● Action item: Retype each record below word for word, pictures excluded.

● Available data:
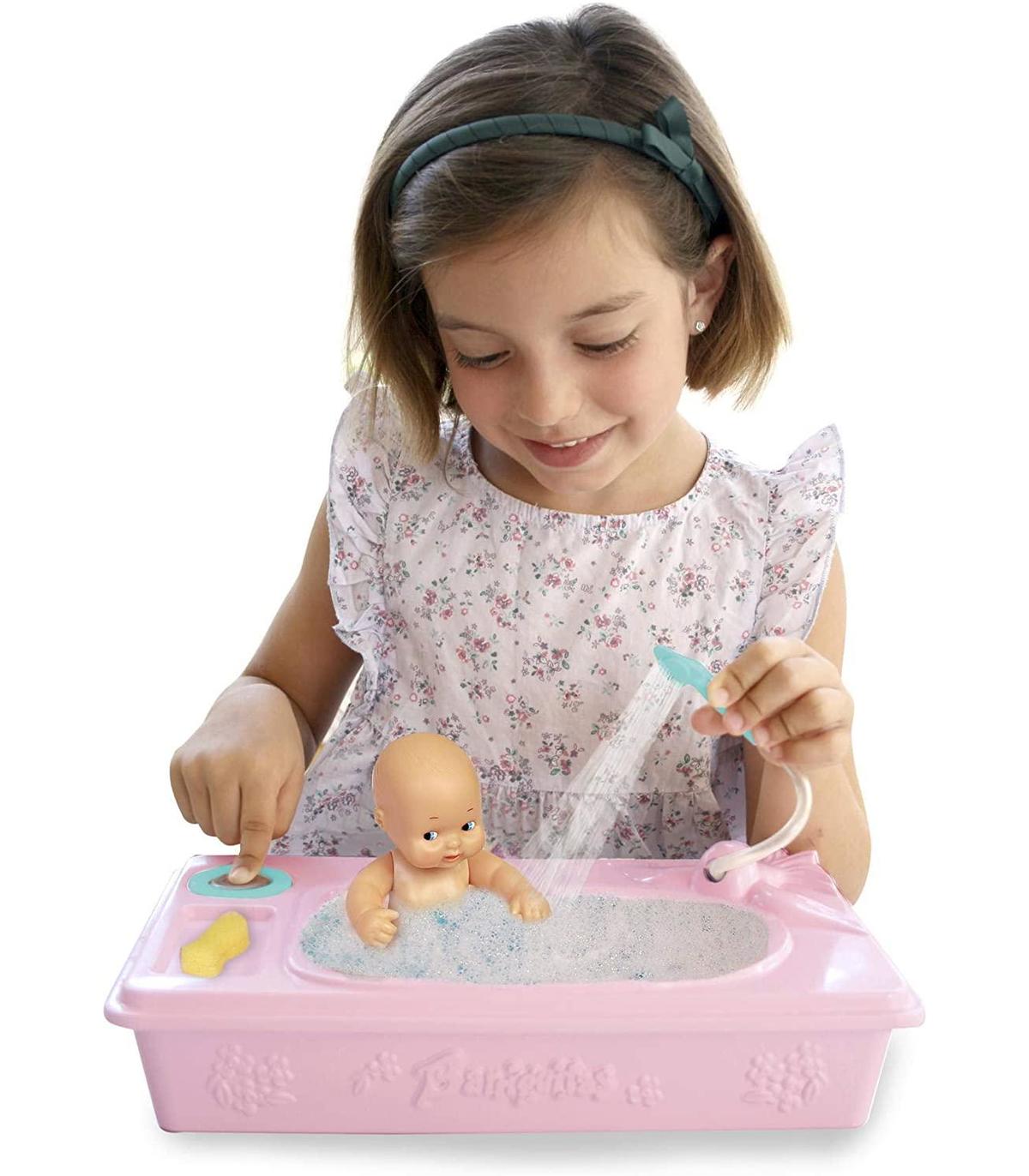La bañera de Barriguitas es para darle un baño a todas tus muñecas Barriguitas Si pulsas el botón, saldrá agua de la alcachofa La bañera se puede llenar de agua y jugar a dar un baño a tu bebé Barriguitas Incluye una figura de bebé vestido con un albornoz y diferentes accesorios para poder bañar a tu Barriguitas Recomendado para niños y niñas mayores de 3 años; la figura mide unos 15 cm; desarrolla la imaginación
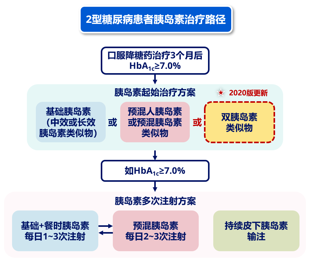 在胰岛素治疗路径中,T2DM患者在生活方式和口服降糖药联合治疗的基础上,若血糖仍未达到控制目标,尽早(3个月)开始胰岛素治疗(A)。新指南首次将双胰岛素类似物加入其中,目前上市的双胰岛素类似物只有德谷门冬双胰岛素(IDegAsp)。口服药治疗3个月后HbA 1c ≥7%即可起始双胰岛素类似物,每天1次治疗,于主餐前注射,剂量达到0.5 U/kg/d 或30~40 U餐后血糖仍控制不佳,或患者每天有两次主餐时,可考虑改为每天注射2次。
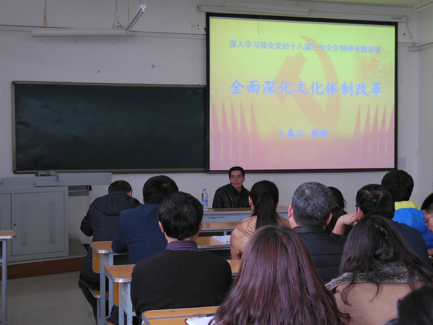 校宣讲团成员、经济与管理学院党委书记、硕士生导师卜春江副教授应邀为生命科学与农林学院、食品与生物工程学院、计算中心作了题为《全面深化文化体制改革》的专题报告。他从“为什么提出进一步深化文化体制改革”,“为什么提出建设文化强国”以及“高校如何在文化建设中提升贡献率”等三个方面对文化体制改革进行了详实的阐述,报告引经据典,深入浅出。并结合LETOU官网实际,指出大学应该发挥在文化建设中的优势和基础作用,引领文化理念的更新,探寻文化铸校的路径,在提升文化软实力中做出自己应有的贡献。
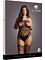 Strapless and crotchless Teddy with a striped design across the chest and a delicious mesh-design below. The teddy is paired with socks in the same design. At the back of the socks there is a sexy seam.
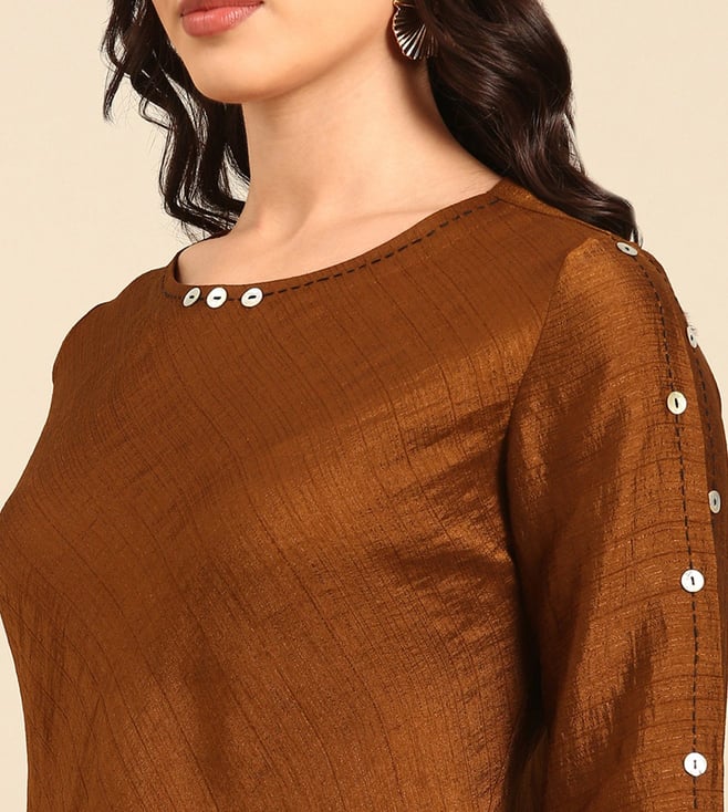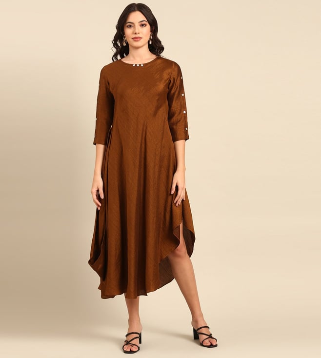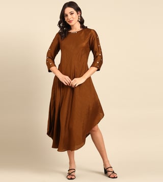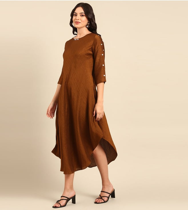 Made with Silk Cotton Slub fabric, this Rust Gold dress for Women by ASMI By Mayank is the perfect choice for resort wear. It features 3/4th sleeve design and exudes elegance and comfort. Add it to your wardrobe for a classy look.' Disclaimer: All other items in the image are only for display purposes and will not be a part of the delivery content. Product colour may slightly vary due to photographic lighting sources. Country of Origin - India.
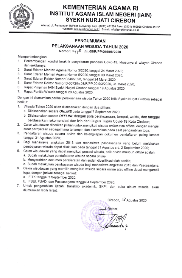 PENGUMUMAN PENDAFTARAN BEASISWA PENINGKATAN PRESTASI AKDEMIK Dengan ini diumumkan Beasiswa Peningkatan Prestasi Akademik Mahasiswa Strata Satu (S-1) untuk 26 mahasiswa, dengan ketentuan sebagai berikut: PERSYARATAN UMUM Mahasiswa Aktif IAIN Syekh Nurjati Cirebon pada semester III s/d VII. Memiliki Prestasi Akademik selama menjadi mahasiswa dengan Indeks Prestasi Komulatif minimal 3.30. Mahasiswa tidak termasuk dalam kelompok UKT … Baca Selengkapnya
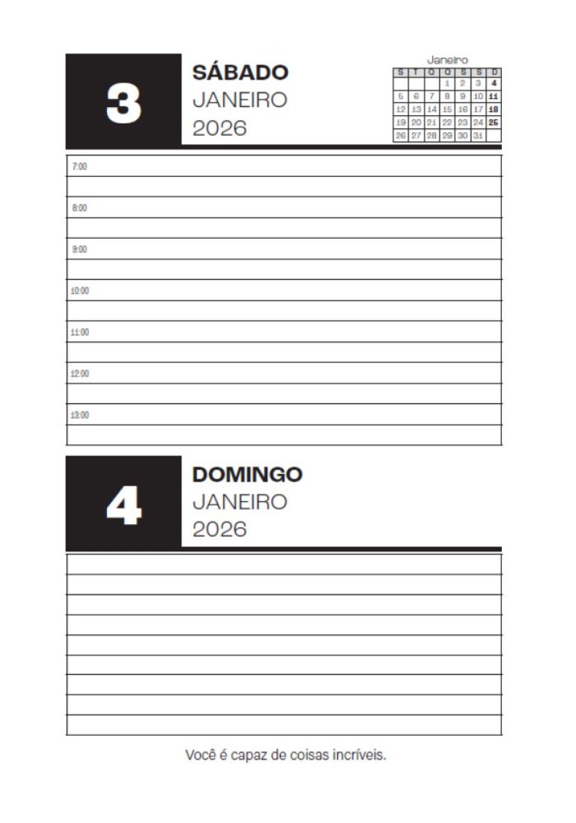 Transforme seus dias com a Agenda Diária 2026 – Sua aliada na produtividade! Organize-se com estilo e eficiência com esta agenda no tamanho ideal (15,5 x 12 cm), feita sob medida para acompanhar sua rotina com praticidade e elegância. 320 páginas premium datadas para 2026 – planeje cada dia com clareza, sem perder nenhum compromisso! Frases motivacionais diárias – comece cada manhã com inspiração e foco total. Capa dura super resistente e encadernação espiral – durabilidade garantida para o uso diário, sem perder a sofisticação.Perfeita para quem quer mais produtividade, organização e leveza no dia a dia. Estoque limitado – garanta agora a sua e comece 2026 com o pé direito!
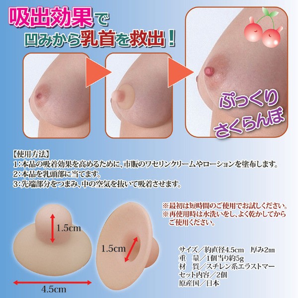 【商品名】 乳首吸引器/チェリートップ3 【2個入り】 厚み2mm (プラセンタ配合/抗菌加工) 【ジャンル・特徴】 授乳の悩み…陥没乳首等、バストトップのお悩みに。乳頭吸引器 陥没乳首、授乳の悩みなど・・・、凹んだ乳首でお悩みの女性に、寝ている間に集中ケアをオススメ。吸出効果でキュっとバストトップを吸引することで、正常な位置に戻し、凹みを解消します。コンパクト設計だから、就寝中や外出時のブラジャーの下でも装着できます。水洗いできるので、いつでも清潔に使えるのも嬉しいポイントです。【ご使用方法】本品の吸着効果を高めるために、市販のワセリンのクリームやローションを塗布してください。本品を乳頭部にあてます。先端部をつまみ、中の空気を抜いて、吸着させます。※最初は短時間のご使用でお試しください。※再使用時は水洗いし、よく乾かしてからご使用ください。■商品スペック【商品名】チェリートップ3 【サイズ】約直径4.5×高さ1.5cm 厚み2mm 【重量】約5g 【材質】スチレン系エラストマー 【セット内容】2個 【生産国】日本 【特記事項】 【注意事項】
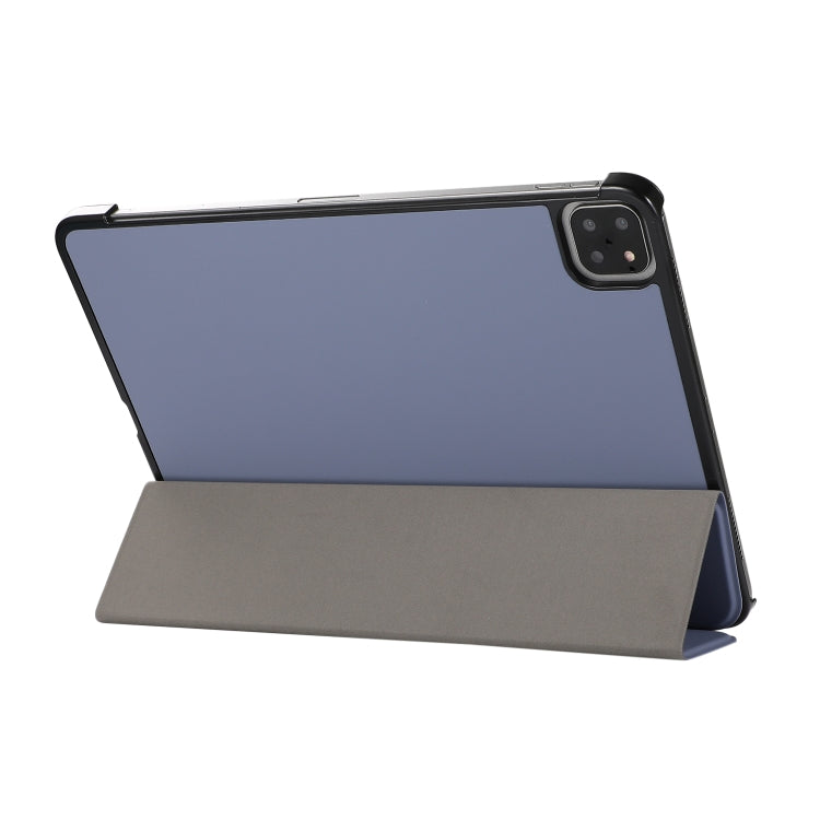 For iPad Pro 11 2022 / 2021 3-folding Skin Texture Horizontal Flip TPU + PU Leather Tablet Case with Holder(Lavender Grey)

● Response to this task:
La bañera de Barriguitas es para darle un baño a todas tus muñecas Barriguitas Si pulsas el botón, saldrá agua de la alcachofa La bañera se puede llenar de agua y jugar a dar un baño a tu bebé Barriguitas Incluye una figura de bebé vestido con un albornoz y diferentes accesorios para poder bañar a tu Barriguitas Recomendado para niños y niñas mayores de 3 años; la figura mide unos 15 cm; desarrolla la imaginación
 在胰岛素治疗路径中,T2DM患者在生活方式和口服降糖药联合治疗的基础上,若血糖仍未达到控制目标,尽早(3个月)开始胰岛素治疗(A)。新指南首次将双胰岛素类似物加入其中,目前上市的双胰岛素类似物只有德谷门冬双胰岛素(IDegAsp)。口服药治疗3个月后HbA 1c ≥7%即可起始双胰岛素类似物,每天1次治疗,于主餐前注射,剂量达到0.5 U/kg/d 或30~40 U餐后血糖仍控制不佳,或患者每天有两次主餐时,可考虑改为每天注射2次。
 校宣讲团成员、经济与管理学院党委书记、硕士生导师卜春江副教授应邀为生命科学与农林学院、食品与生物工程学院、计算中心作了题为《全面深化文化体制改革》的专题报告。他从“为什么提出进一步深化文化体制改革”,“为什么提出建设文化强国”以及“高校如何在文化建设中提升贡献率”等三个方面对文化体制改革进行了详实的阐述,报告引经据典,深入浅出。并结合LETOU官网实际,指出大学应该发挥在文化建设中的优势和基础作用,引领文化理念的更新,探寻文化铸校的路径,在提升文化软实力中做出自己应有的贡献。
 Strapless and crotchless Teddy with a striped design across the chest and a delicious mesh-design below. The teddy is paired with socks in the same design. At the back of the socks there is a sexy seam.
 Made with Silk Cotton Slub fabric, this Rust Gold dress for Women by ASMI By Mayank is the perfect choice for resort wear. It features 3/4th sleeve design and exudes elegance and comfort. Add it to your wardrobe for a classy look.' Disclaimer: All other items in the image are only for display purposes and will not be a part of the delivery content. Product colour may slightly vary due to photographic lighting sources. Country of Origin - India.
 PENGUMUMAN PENDAFTARAN BEASISWA PENINGKATAN PRESTASI AKDEMIK Dengan ini diumumkan Beasiswa Peningkatan Prestasi Akademik Mahasiswa Strata Satu (S-1) untuk 26 mahasiswa, dengan ketentuan sebagai berikut: PERSYARATAN UMUM Mahasiswa Aktif IAIN Syekh Nurjati Cirebon pada semester III s/d VII. Memiliki Prestasi Akademik selama menjadi mahasiswa dengan Indeks Prestasi Komulatif minimal 3.30. Mahasiswa tidak termasuk dalam kelompok UKT … Baca Selengkapnya
 Transforme seus dias com a Agenda Diária 2026 – Sua aliada na produtividade! Organize-se com estilo e eficiência com esta agenda no tamanho ideal (15,5 x 12 cm), feita sob medida para acompanhar sua rotina com praticidade e elegância. 320 páginas premium datadas para 2026 – planeje cada dia com clareza, sem perder nenhum compromisso! Frases motivacionais diárias – comece cada manhã com inspiração e foco total. Capa dura super resistente e encadernação espiral – durabilidade garantida para o uso diário, sem perder a sofisticação.Perfeita para quem quer mais produtividade, organização e leveza no dia a dia. Estoque limitado – garanta agora a sua e comece 2026 com o pé direito!
 【商品名】 乳首吸引器/チェリートップ3 【2個入り】 厚み2mm (プラセンタ配合/抗菌加工) 【ジャンル・特徴】 授乳の悩み…陥没乳首等、バストトップのお悩みに。乳頭吸引器 陥没乳首、授乳の悩みなど・・・、凹んだ乳首でお悩みの女性に、寝ている間に集中ケアをオススメ。吸出効果でキュっとバストトップを吸引することで、正常な位置に戻し、凹みを解消します。コンパクト設計だから、就寝中や外出時のブラジャーの下でも装着できます。水洗いできるので、いつでも清潔に使えるのも嬉しいポイントです。【ご使用方法】本品の吸着効果を高めるために、市販のワセリンのクリームやローションを塗布してください。本品を乳頭部にあてます。先端部をつまみ、中の空気を抜いて、吸着させます。※最初は短時間のご使用でお試しください。※再使用時は水洗いし、よく乾かしてからご使用ください。■商品スペック【商品名】チェリートップ3 【サイズ】約直径4.5×高さ1.5cm 厚み2mm 【重量】約5g 【材質】スチレン系エラストマー 【セット内容】2個 【生産国】日本 【特記事項】 【注意事項】
 For iPad Pro 11 2022 / 2021 3-folding Skin Texture Horizontal Flip TPU + PU Leather Tablet Case with Holder(Lavender Grey)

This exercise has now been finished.